[Recorded data]
<<<<
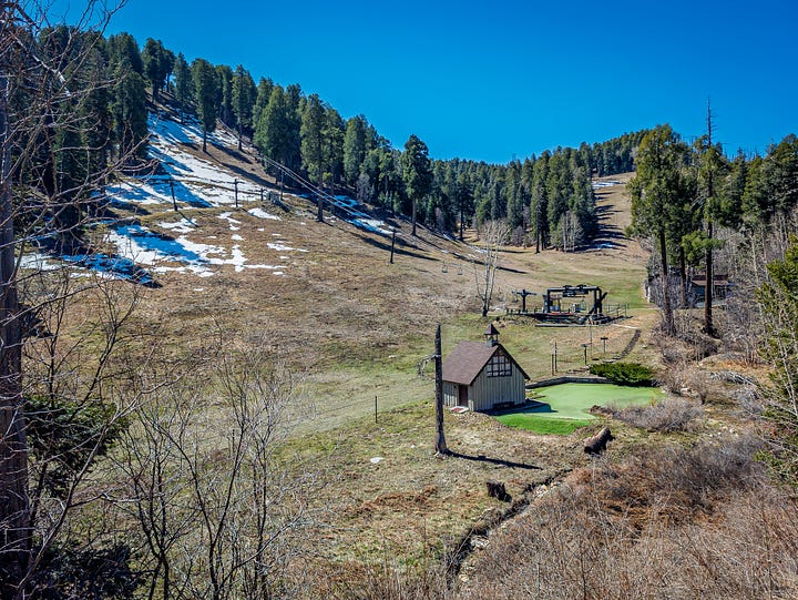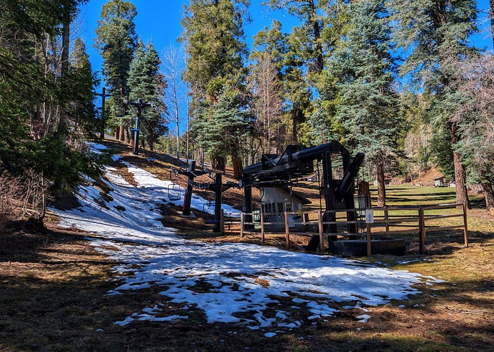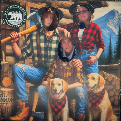 Kelly and the teens had spring break this past week, so of course we had to do something. At first there was a little uncertainty about everyone’s schedules, then gas prices spiked, so we decided to stay relatively close (103 miles) to home, and she just rented a cabin in Summerhaven, on Mount Lemon. It’s the off season in this mountain town so other than an hour or so of afternoon bustle, we basically had it all to ourselves.
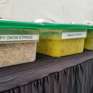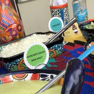 One table of the garnishes for the amazing tacos
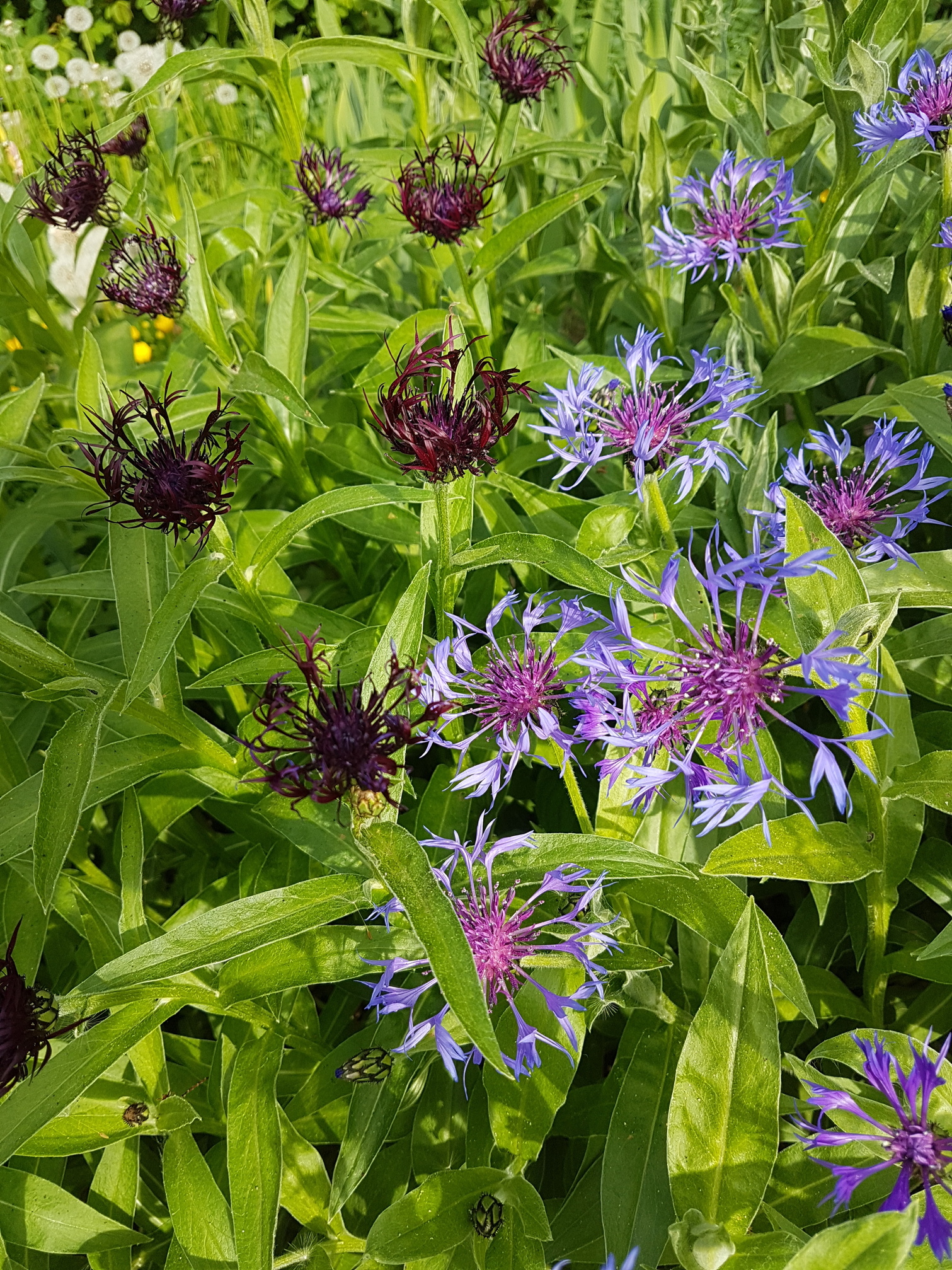Den er i familie med kornblomsten som på latin hedder centaurea cyanys. Som du kan se hedder de begge “centaurea” til “fornavn” ![]()
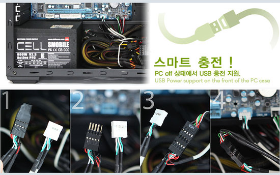 특히 USB를 접목시켜 PC 케이스 전면의 USB포트에 DC 5V 전원을 직접 공급한다. 시스템 OFF 상태에서 5VSB를 사용해 USB 기기를 사용하거나 스마트 폰 등을 충전할 수 있으며, USB허브를 사용해 동시에 여러 가지 USB기기를 안정적으로 사용할 수 있다.
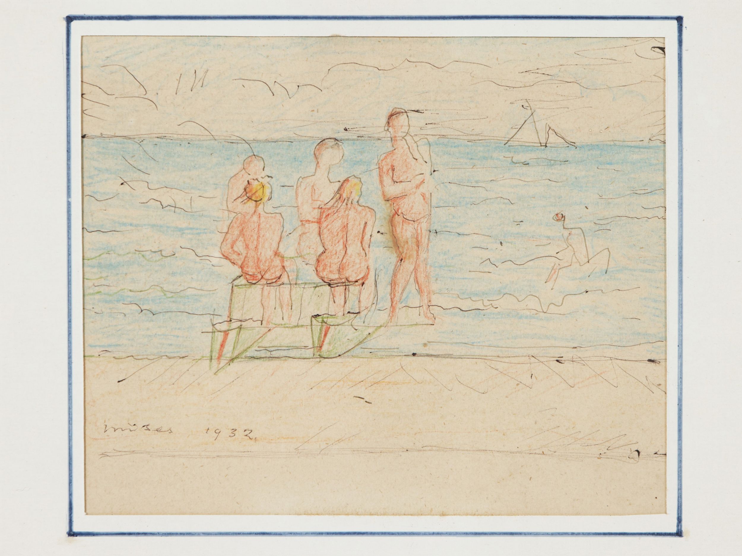 tecnica mista su carta, firmato e datato Moses 1932 in cornice, lievi difetti
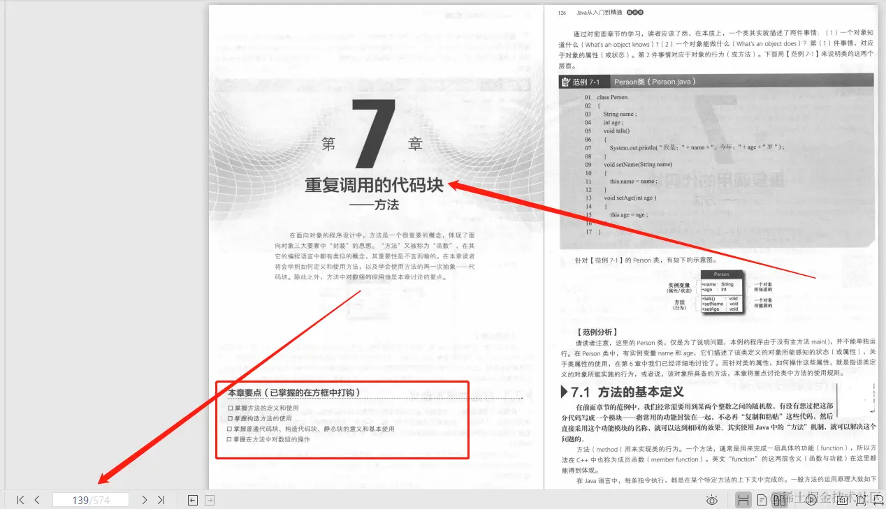 第7章 重复调用的代码块—方法: 在面向对象的程序设计中,方法是一个很重要的概念,体现了面向对象三大要素中“封装”的思想。。 方法”又被称为“函数”,在其它的编程语言中都有类似的概念,其重要性是不言而喻的。在本章读者将会学到如何定义和使用方法,以及学会使用方法的再一次抽象——代码块。除此之外,方法中对数组的应用也是本章讨论的重点
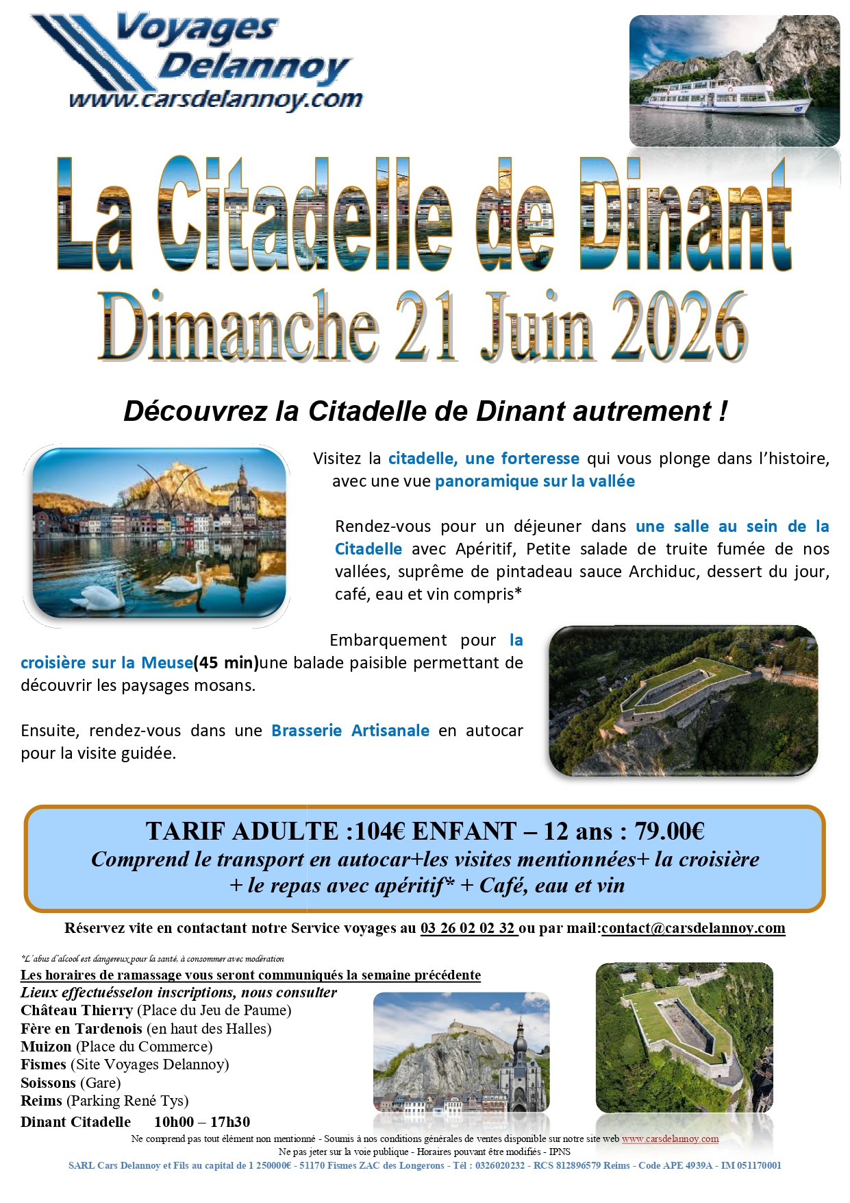 Ne comprend pas tout élément non mentionné - Soumis à nos conditions générales de ventes - Horaires pouvant être modifiés - Assurance rapatriement: 29,00 € / personne (précisez si vous refusez) ~ Assurance annulation (voir bulletin d’inscription)- *L’abus d’alcool est dangereux pour la santé, à consommer avec modération.
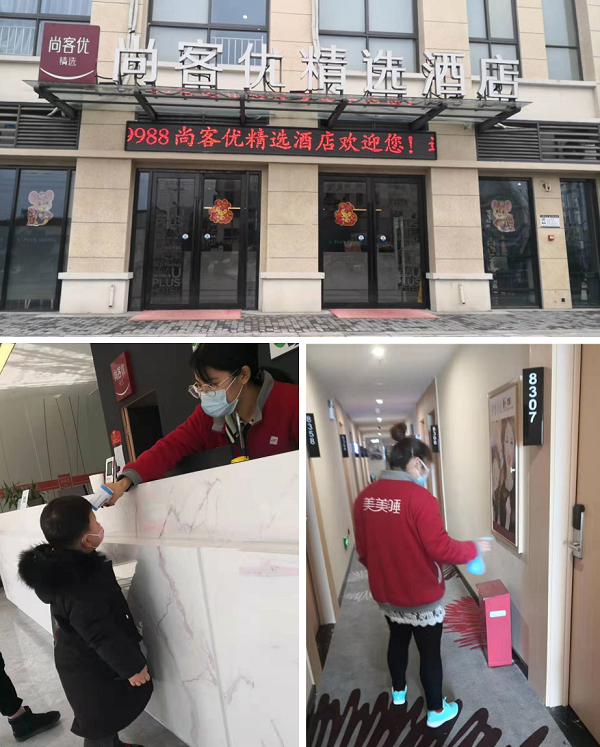 春节本是旅游住宿的旺季,但突如其来的疫情,不仅让酒店陷入了入住率低的困境,更给酒店面对突发情况、保障住客健康安全带来了极大挑战。但尚客优精选江苏南通如东县浅水湾公园店的店长刘鹏说:“疫情当前,酒店人不能退缩,我必须要坚守在岗位上,为滞留在外地的游客、为奋战在抗疫一线的工作者提供安全放心的住宿。”
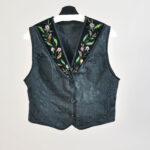 Authentic vintage 90s black embroidered vest featuring decorative stitching and suede leather details. A unique statement layering piece perfect for retro styling, boho-inspired outfits, or 90s streetwear looks.
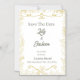 Anuncie seu dia especial com estilo com este cartão elegante "Save the Date" em folha de ouro. Com delicados contornos botânicos e tipografia graciosa, este modelo combina charme clássico com um toque moderno. O requintado detalhe dourado em um fundo branco nítido cria uma aparência atemporal, perfeita para qualquer tema de casamento - desde cerimônias românticas em jardins até celebrações luxuosas em hotéis.
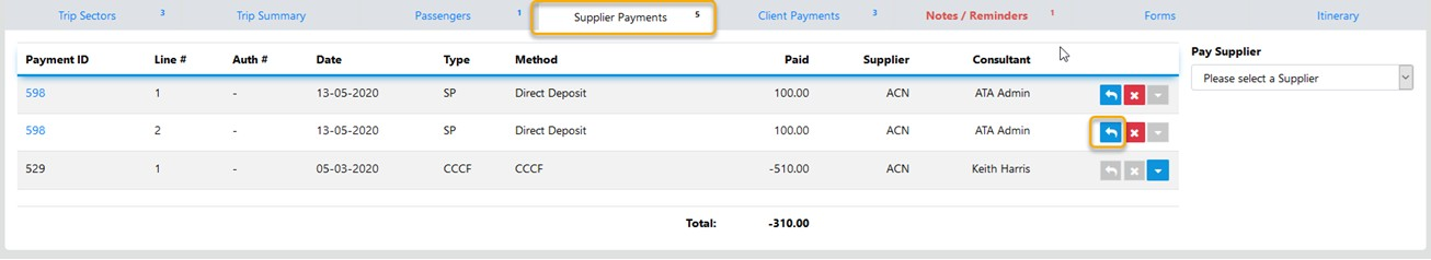If you made an error when making a Supplier Payment e.g. included a sector you should not have or missed a sector then Reverse the whole payment and reprocess it
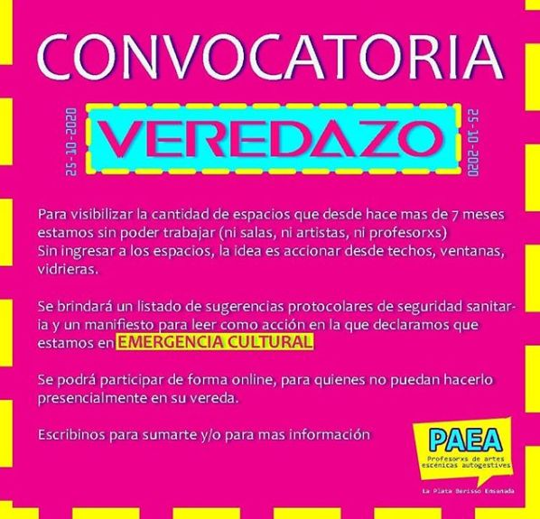Además, dio detalles del “veredazo” que desarrollarán el próximo sábado 31 de octubre para visibilizar la situación que atraviesa el sector y exponer el trabajo de gran cantidad de artistas platenses. "Son casi 30 espacios los que van a participar del Veredazo. Pertenezco a Teatro Práctico que tuvo que cerrar, hace nueve años que funcionaba en el mismo lugar", subrayó.
>>>>
◆ YOUR INSTRUCTIONS
When copying the entries, drop the images and keep every line exact.

◆ SOLUTION
 Kelly and the teens had spring break this past week, so of course we had to do something. At first there was a little uncertainty about everyone’s schedules, then gas prices spiked, so we decided to stay relatively close (103 miles) to home, and she just rented a cabin in Summerhaven, on Mount Lemon. It’s the off season in this mountain town so other than an hour or so of afternoon bustle, we basically had it all to ourselves.
 One table of the garnishes for the amazing tacos
Den er i familie med kornblomsten som på latin hedder centaurea cyanys. Som du kan se hedder de begge “centaurea” til “fornavn” ![]()
 특히 USB를 접목시켜 PC 케이스 전면의 USB포트에 DC 5V 전원을 직접 공급한다. 시스템 OFF 상태에서 5VSB를 사용해 USB 기기를 사용하거나 스마트 폰 등을 충전할 수 있으며, USB허브를 사용해 동시에 여러 가지 USB기기를 안정적으로 사용할 수 있다.
 tecnica mista su carta, firmato e datato Moses 1932 in cornice, lievi difetti
 第7章 重复调用的代码块—方法: 在面向对象的程序设计中,方法是一个很重要的概念,体现了面向对象三大要素中“封装”的思想。。 方法”又被称为“函数”,在其它的编程语言中都有类似的概念,其重要性是不言而喻的。在本章读者将会学到如何定义和使用方法,以及学会使用方法的再一次抽象——代码块。除此之外,方法中对数组的应用也是本章讨论的重点
 Ne comprend pas tout élément non mentionné - Soumis à nos conditions générales de ventes - Horaires pouvant être modifiés - Assurance rapatriement: 29,00 € / personne (précisez si vous refusez) ~ Assurance annulation (voir bulletin d’inscription)- *L’abus d’alcool est dangereux pour la santé, à consommer avec modération.
 春节本是旅游住宿的旺季,但突如其来的疫情,不仅让酒店陷入了入住率低的困境,更给酒店面对突发情况、保障住客健康安全带来了极大挑战。但尚客优精选江苏南通如东县浅水湾公园店的店长刘鹏说:“疫情当前,酒店人不能退缩,我必须要坚守在岗位上,为滞留在外地的游客、为奋战在抗疫一线的工作者提供安全放心的住宿。”
 Authentic vintage 90s black embroidered vest featuring decorative stitching and suede leather details. A unique statement layering piece perfect for retro styling, boho-inspired outfits, or 90s streetwear looks.
 Anuncie seu dia especial com estilo com este cartão elegante "Save the Date" em folha de ouro. Com delicados contornos botânicos e tipografia graciosa, este modelo combina charme clássico com um toque moderno. O requintado detalhe dourado em um fundo branco nítido cria uma aparência atemporal, perfeita para qualquer tema de casamento - desde cerimônias românticas em jardins até celebrações luxuosas em hotéis.
If you made an error when making a Supplier Payment e.g. included a sector you should not have or missed a sector then Reverse the whole payment and reprocess it
Además, dio detalles del “veredazo” que desarrollarán el próximo sábado 31 de octubre para visibilizar la situación que atraviesa el sector y exponer el trabajo de gran cantidad de artistas platenses. "Son casi 30 espacios los que van a participar del Veredazo. Pertenezco a Teatro Práctico que tuvo que cerrar, hace nueve años que funcionaba en el mismo lugar", subrayó.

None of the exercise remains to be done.